# Decoder install in a Hartland 4-4-0



## rbr (Apr 27, 2014)

Everyone,

I'm not sure where to start, but I would like to purchase a Hartland 4-4-0 Jupiter locomotive. They advertise it as DCC ready. When I spoke with the designer, Phil Jensen, he said that all of the wires go back to the tender shell and they unplug so that you can easily have access to all of the wires. 
So, has anyone ever done this? What brand, model of decoder do you use? How hard is it for a beginner? I would also like to add sound.

thanks,


----------



## Dan Pierce (Jan 2, 2008)

Do you have a DCC system yet and if so what mfg.
Wen powering the decoder the first time, make sure you have rechecked the motor and track leads for no connection to each other and then place a 30 ohm 5 watt resistor in series to the track to limit the current in case of an unknown problem in the wiring for the initial checkout.

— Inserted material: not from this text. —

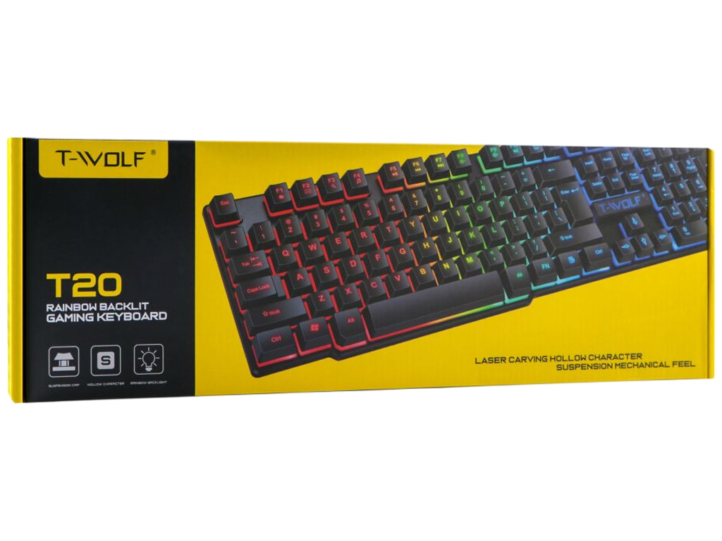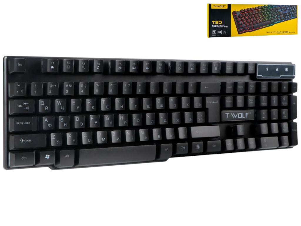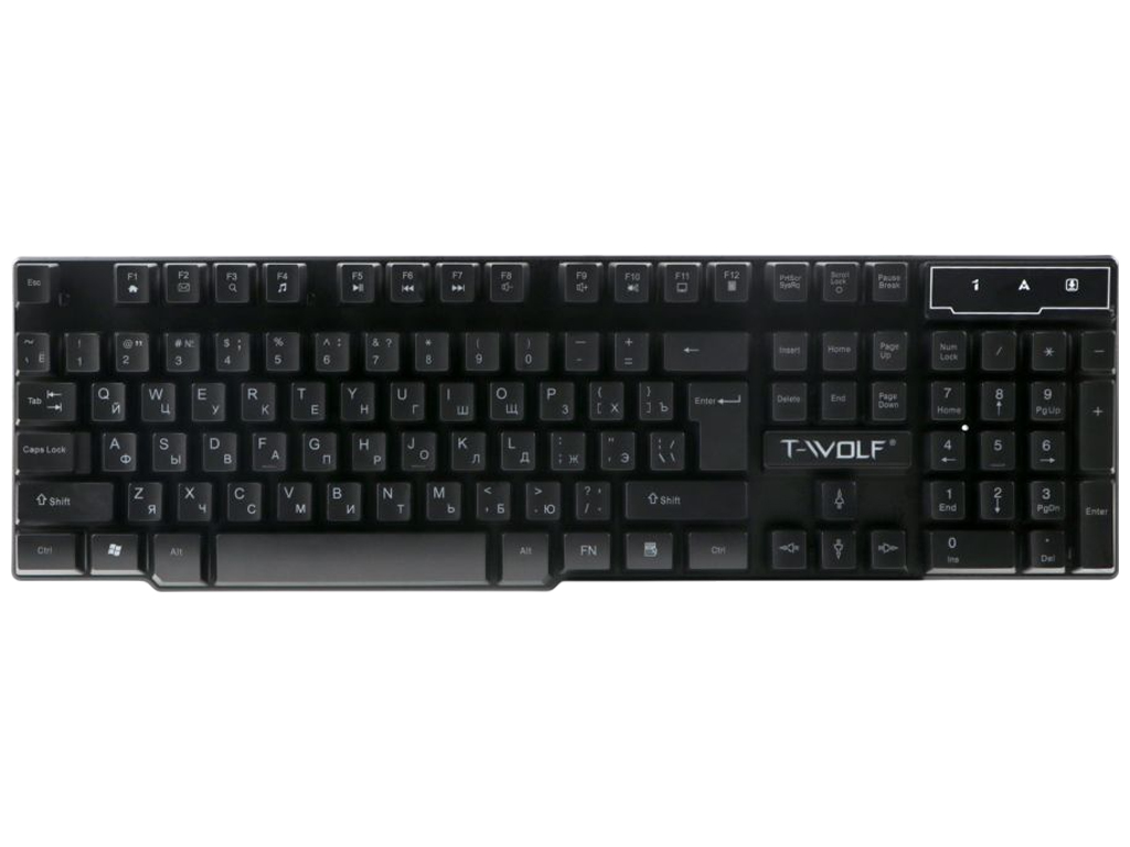 Клавиатура TWolf T20, проводная, мембранная, 104 клавиши, 460×150×37мм, цвет черный

All decoders can work with almost any systems, and there are known reasons why some are not fully compatible. I found sound activation issues such as the LGB MTS system only has functions 0-9 whereas many other systems have 0-19 and some as many as 30 function keys.


----------



## Stan Cedarleaf (Jan 2, 2008)

rbr, the Hartland products are very easy to install decoders. The 4-4-0's tender comes apart very easily and the leads from the track are easy to hook to which ever decoder you choose. I've done a number of them with battery power and CREST REVOLUTION receivers. 

Any good DCC decoder should be as easy to install.


----------